Wednesday, June 14, 2006 8:47 AM
Michael S. Kaplan
Behind 'How to break Windows Notepad'
Larry Osterman pointed me at an article entitled How to break Windows Notepad that makes for an interesting experiment:
Here's how to do it:
1. Open up Notepad (not Wordpad, not Word or any other word processor)
2. Type in this sentence exactly (without quotes): "this app can break"
3. Save the file to your hard drive.
4. Close Notepad
5. Open the saved file by double clicking it.
Instead of seeing your sentence, you should see a series of squares. For whatever reason, Notepad can't figure out what to do with that series of characters and breaks
Now if you have East Asian language support installed, instead of seeing squares (NULL glyphs), you will see:
桴獩愠灰挠湡戠敲歡
An if you look at the code points under those characters, you will likely see what happened:
6874 7369 6120 7070 6320 6e61 6220 6572 6b61
Ah, each byte is a letter that when combined just so happens to line up with a CJK ideograph!

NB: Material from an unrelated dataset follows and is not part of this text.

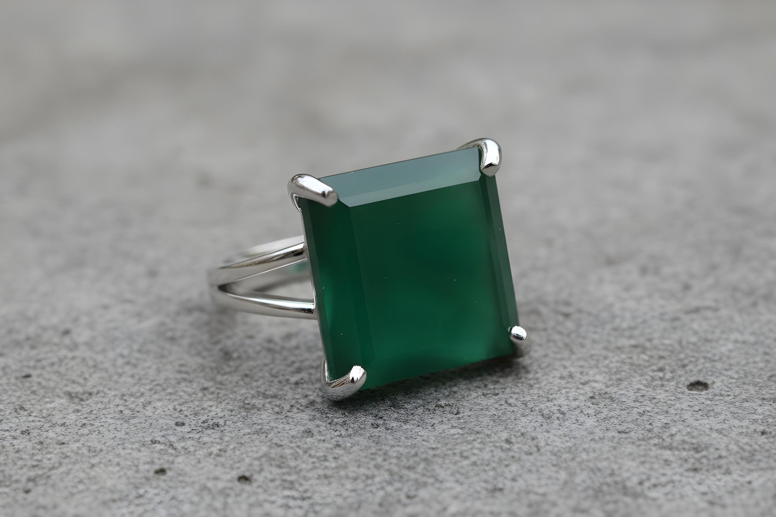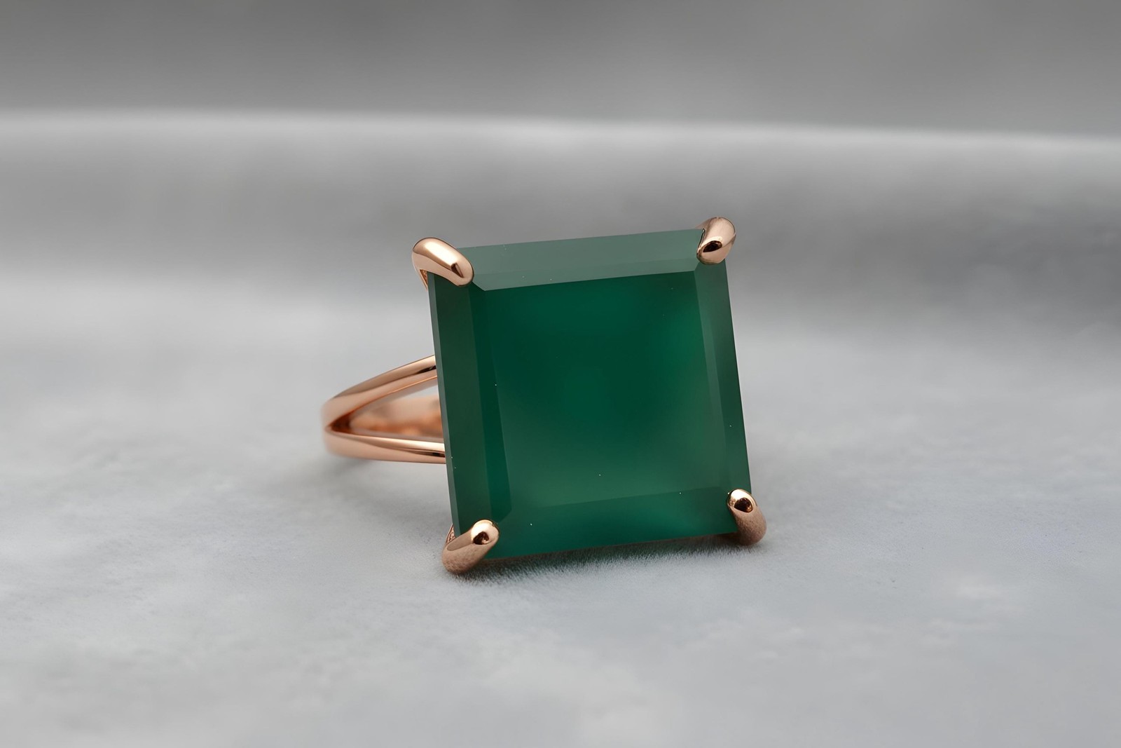 как выглядит Green Onyx Ring Anemone Jewelry 14k Gold Faceted Square Cocktail Ring фото

I have talked about the encoding detection mechanisms that notepad uses recently, and this is another example of the problem, one that is more fun since the repro steps are so much fun (in fact the only improvement would be text insulting Microsoft or one of its rivals, which notepad appears to censor in an example of a big bad monopoly, etc.!).
Now I have pointed out that I do not like the IsTextUnicode function in the past, and I suppose this could be considered a good reason (IsTextUnicode returns TRUE here, which is why Notepad guesses as it does).
This post brought to you by 桴 (U+6874, a CJK ideograph)